HEAT’s aggregate report showed a correlation between participation in a Uni Connect activity and improved attainment at KS4 when compared with school average results. This remained true after controlling for prior attainment at Key Stage 2 (exams taken at the end of primary school). Although this is a promising overall finding, to enhance learning about what boosts attainment, we also need to support members wishing to evaluate specific activities using these data.
To achieve this HEAT have offered to re-run each member’s most recent reports based on a cohort of participants of their choice. HEAT’s membership-level reports are based on all participants an institution group has recorded on HEAT, and so may include participants who have taken part in only minimal outreach, perhaps students who have only completed a baseline survey. Reporting on all participants can have the effect of including a lot of ‘noise’ in the results, which may render them less useful for partnerships’ evaluation.
A practical example
To demonstrate the potential evidence that it is possible to generate from our offer to re-run reports based on a sub-set of participants, we have teamed up with the Uni Connect Partnership Make Happen to work through a real example. The process is possible for any HEAT member with participant data in the latest KS4 tracking report.

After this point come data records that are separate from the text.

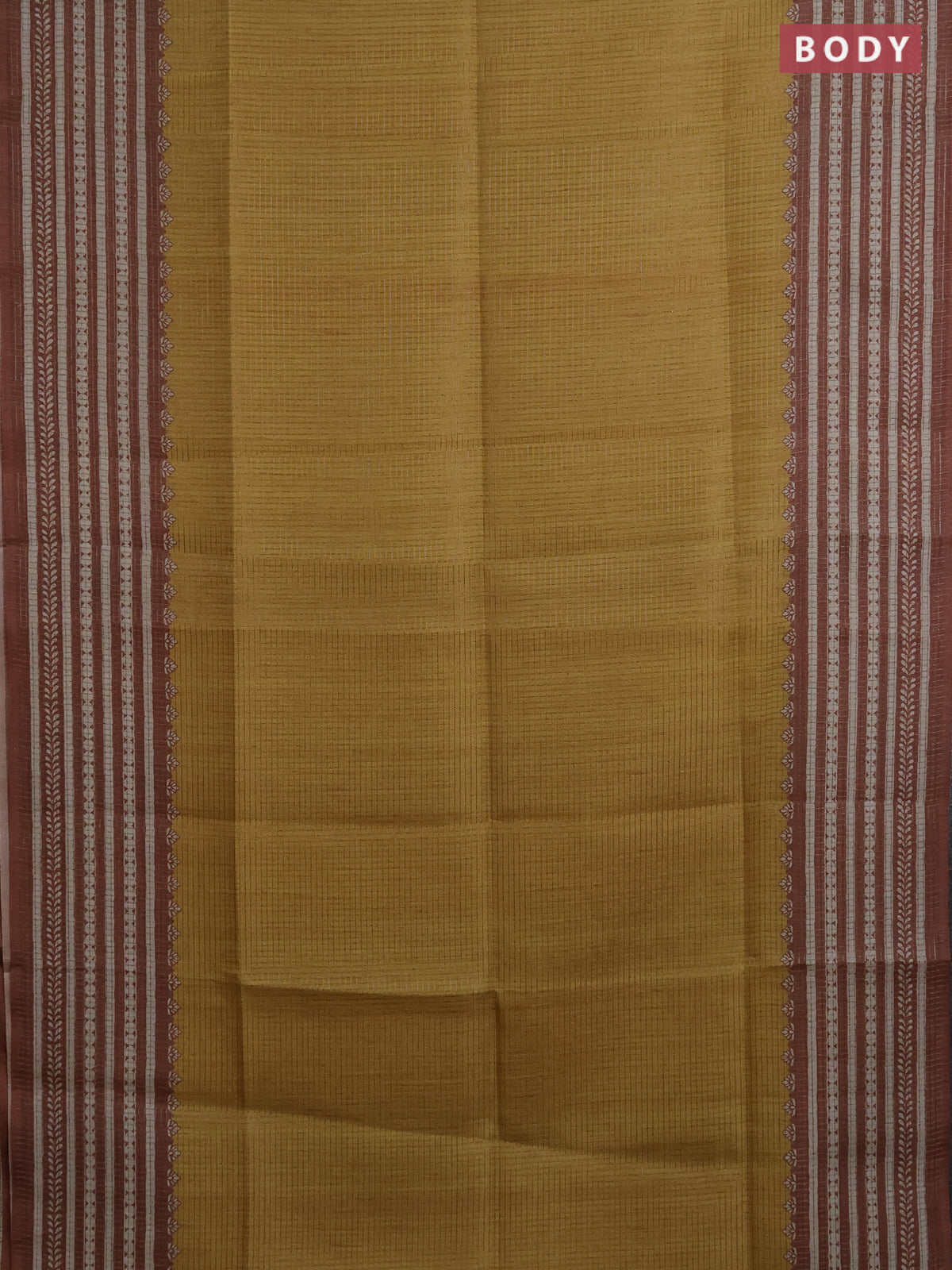 Chappa saree mustard shade and brown with allover small zari checked pattern and printed border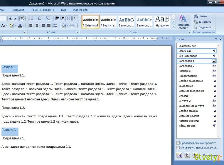 3. После этого выделите такой текст: «Подраздел 1. 1». Аналогичным образом, описанным во втором пункте, задайте данному тексту следующий стиль «Заголовок 2».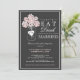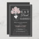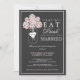Um lindo jarro de hidrangeas cor-de-rosa e brancas, acentuado com um coração e as iniciais dos casais - convida seus convidados para um Chá de casamento de Casais com "Coma, beba e se case!" Com elementos brancos e tipografia, sobre fundo de cinza de carvão, este design é simplesmente subestimado e casualmente elegante.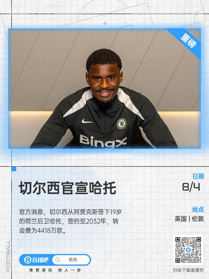 官方音讯,切尔西从阿贾克斯签下19岁的荷兰后卫哈托,签约至2032年。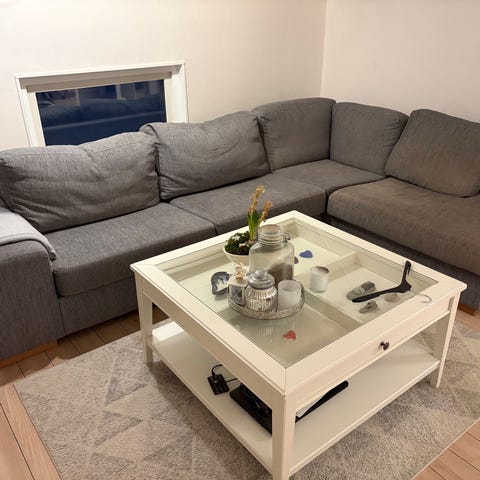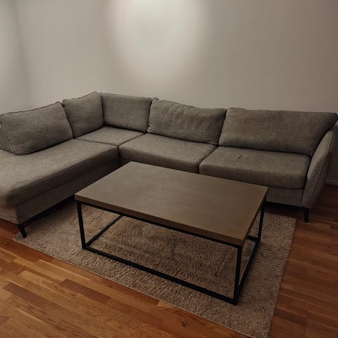 Skön och mjuk soffa, på ena dynan har tyget gått sönder ”dragkedjan” går att byta om man vet hur man gör.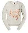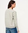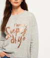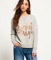 Superdry women’s Northern Lights fashion crew. A crew neck sweatshirt with a puff, metallic acrylic graphic on the front with a ribbed cuff and hem and finished with a Superdry logo tab on the hem.

Make Happen were keen to understand whether two of their pre-16 activities had an impact on participants’ KS4 exam attainment. These activities were run in partnership with two external providers. First, Fix Up who offer a range of sessions related to providing support with motivation and exam preparation. Second, Positively Mad who run whole day workshops in schools focused on exam and revision skills.
Drawing on HEAT’s offer to re-run KS4 reports, Make Happen identified the participants they wanted to include in two separate KS4 attainment reports, one for each activity. Make Happen were careful to include only those participants who had attended and received above a threshold contact hours of two and three hours for each activity respectively.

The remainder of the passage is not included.